Erwin WJ, Goodman C, Smith T. Ment. Health Clin. 2018; 8(3): 100-104.

Affiliation

Clinical Pharmacy Specialist, W.G. (Bill) Hefner Veterans Affairs Medical Center, Salisbury, North Carolina.

Copyright

(Copyright © 2018, College of Psychiatric and Neurologic Pharmacists)

DOI

10.9740/mhc.2018.05.100

PMID

29955553

PMCID

PMC6007638

Abstract

INTRODUCTION: The use of benzodiazepines and sedative-hypnotics in the elderly is associated with a significant risk of delirium, falls, fractures, cognitive impairment, and motor vehicle accidents. This quality improvement project applies a direct-to-consumer intervention to an elderly veteran population to reduce the use of these medications.

METHODS: Patients aged 75 and older currently taking a benzodiazepine and/or a sedative-hypnotic were included in the project. Direct-to-consumer education intervention letters were mailed to patients within 30 days of their next appointment. Their providers were emailed a questionnaire after the patient's appointment. Providers were asked if the letter prompted a conversation regarding medication use, whether the provider initiated discussion regarding a taper, and whether a specific taper plan was developed. Medical records were reviewed to determine if a reduction in dose or discontinuation occurred.

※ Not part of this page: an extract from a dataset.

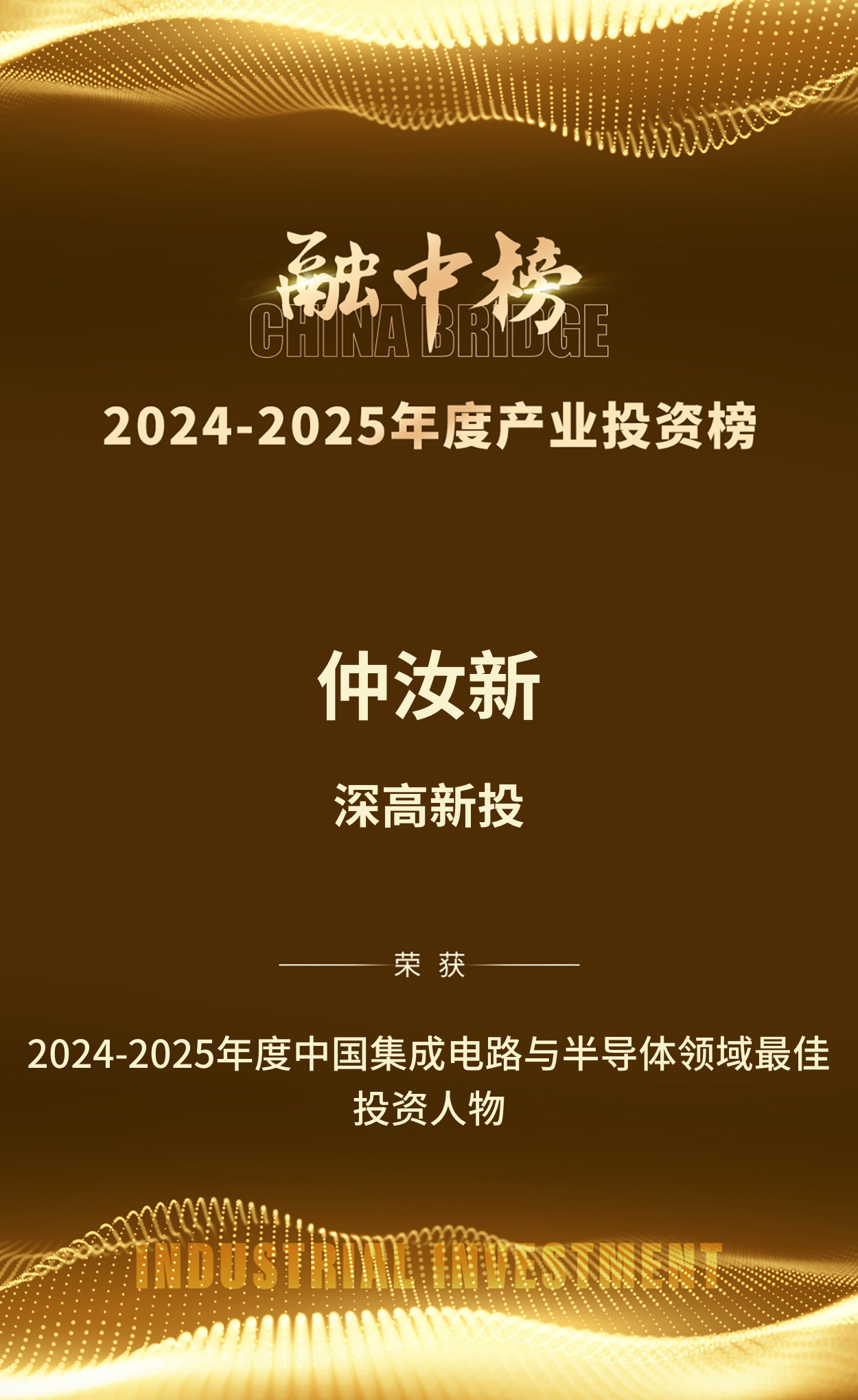 近日,“融中2024-2025年度中国产业投资榜单”正式揭晓,深高新投凭借在创投领域的卓越表现,斩获融中2024-2025年度“中国先进制造领域最佳早期投资机构”、“中国数字经济领域最佳投资机构”和“中国新材料领域最佳投资机构”三大奖项。深高新投蕾奥基金总经理仲汝新荣获融中2024-2025年度“中国集成电路与半导体领域最佳投资人物”。

RESULTS: Fifty-nine direct-to-consumer education letters were mailed to the patients. Follow-up questionnaires were e-mailed to 44 providers, and 27 providers responded. Twenty-two percent of patients had their benzodiazepine and/or sedative hypnotic dose reduced or discontinued after their follow-up appointment. Sixty-seven percent of veterans initiated a conversation with their provider regarding their medication with 74% of providers discussing dose reduction. Fifty-six percent of recipients developed a specific taper plan with their provider.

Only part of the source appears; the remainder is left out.